織田信長の覇業を支え、死出の旅に従った森乱(演:大西利空)こと森成利とは【どうする家康】 (2/4ページ)
【森蘭丸じゃないの?】
幼名は乱法師(らんほうし)、親しい人たちが略して森乱と呼んでいたのでしょう。松本潤が松潤と呼ばれるような感覚と思われます。
なお有名な森「蘭丸」について、当人や周囲の人々が呼称した(名乗ったり書いたりした)記録はなく、『石山本願寺日記』の「森お蘭」という記述に幼名に多い「~丸」を加えた呼び名が広まったようです。
「乱」よりも「蘭」の方が優雅で美しいから、信長の小姓にふさわしかろうと後世の軍記物語などに受け容れられたものと考えられます。一方、当人たちは名前を書く時に簡単な「乱」を好んだのでしょうか。
例外として大久保彦左衛門『三河物語』では、森成利を「森之お覧」と書いていました。これはただ漢字をど忘れしたのかもしれません。

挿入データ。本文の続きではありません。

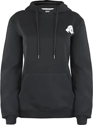 Damen Kapuzenpullover mit Fleece Hoodie Hooded Logo Sweater Sweatjacke Warmer Pullover Streetwear Langarm Kapuze Outdoor Sport Schwarz S
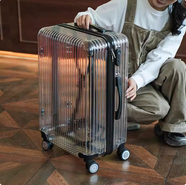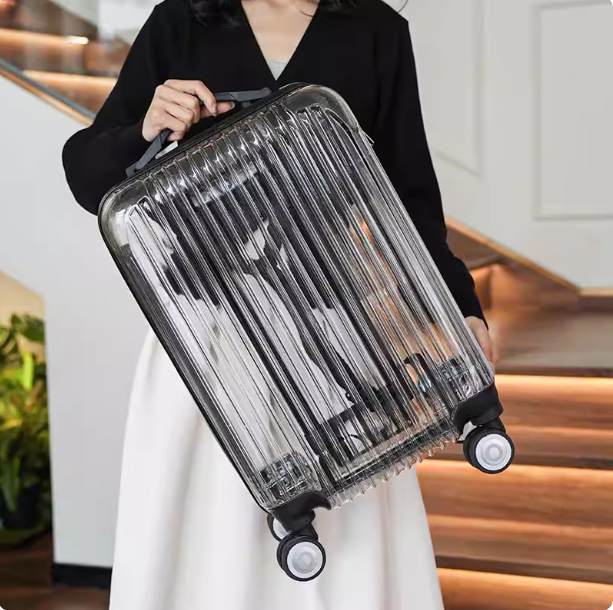 Maleta de mano unisex transparente para PC de 20 pulgadas, maleta con ruedas, equipaje con ruedas giratorias, Maleta transparente con ruedas

ひとまずここでは「乱法師」が一応の正式名称で、周囲からは略して「森乱」と呼ばれていたものと考えます。
兄弟について
森成利の兄弟姉妹は以下の通りです。
長男:森可隆(よしたか)……元亀元年(1570年)朝倉攻めで討死。 次男:森長可(ながよし)……天正12年(1584年)小牧・長久手合戦で討死。